Reproduction Abstracts

Production of testosterone by testicular Leydig cells is under tight regulation by the hypothalamic – pituitary – gonadal (HPG) axis. GnRH, secreted by the hypothalamus, stimulates secretion of LH from the pituitary. LH will then stimulate testosterone production in the Leydig cells, which will feedback to the hypothalamic-pituitary element to inhibit LH secretion.

Previously it was accepted that testosterone exerted its negative feedback actions on the pituitary by binding to androgen receptor. However, several recent clinical and experimental studies have suggested that androgen-AR signalling in the pituitary may be redundant for the control of LH secretion, and that feedback may act via testosterone conversion to estradiol.

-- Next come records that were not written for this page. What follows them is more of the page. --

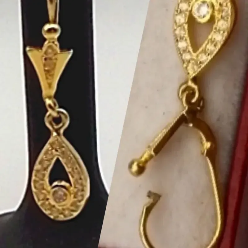 Aretes colgantes punta de flecha como una gota con circones originales 18K mide de largo 4.5 cm y tiene cierre romano
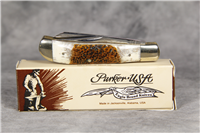 3-3/8 inches closed. 5-7/8 inches open. Made in USA. 'Parker Cut. Co.', Eagle Logo, and 'Surgical Steel - Japan' tang stamps. Surgical Steel blades. Stag handle. Nickel Silver bolsters. Brass liner. With box.
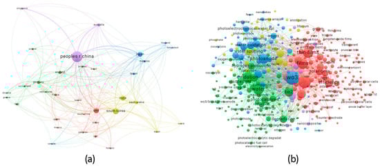 WO3 shows a more balanced distribution across energy, materials science, and environmental science. This structure reflects its multifunctionality: WO3 is investigated not only in the context of PEC devices [,], but also for applications such as electrochromic elements, sensors, and optical control coatings [,].
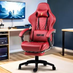 BAYBEE Drogo Emperor Multi-Purpose Ergonomic Gaming Chair with 7 Way Adjustable Seat, Head & USB Massager, PU Leather Lumbar Pillow Home & Office Chair with Full Reclining Back Footrest (Red)
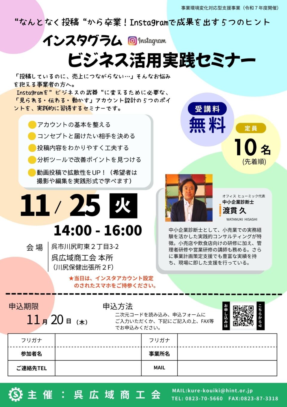 インスタグラム ビジネス活用実践セミナー(無料)【事業環境変化対応型支援事業】

To investigate the possible role(s) of AR in the male pituitary, we have developed a unique transgenic mouse line where the androgen receptor is conditionally ablated in the pituitary (PARKO). Initial analysis demonstrated that LH transcript levels, as well as LH and testosterone circulating levels remain unchanged in PARKO males. Aromatase transcript was not found in the pituitaries of either control or PARKO males, however surprisingly both pituitary prolactin transcript and circulating prolactin were significantly increased.

Results suggest that inhibition of LH by testosteroneis not acting at the level of the pituitary in the mouse. If pituitary feedback is via estrogens, then production must be at a site other than the pituitary. In contrast these results suggest that a role of pituitary AR-signalling is to negatively regulate prolactin production, however further study is necessary to elucidate this mechanism.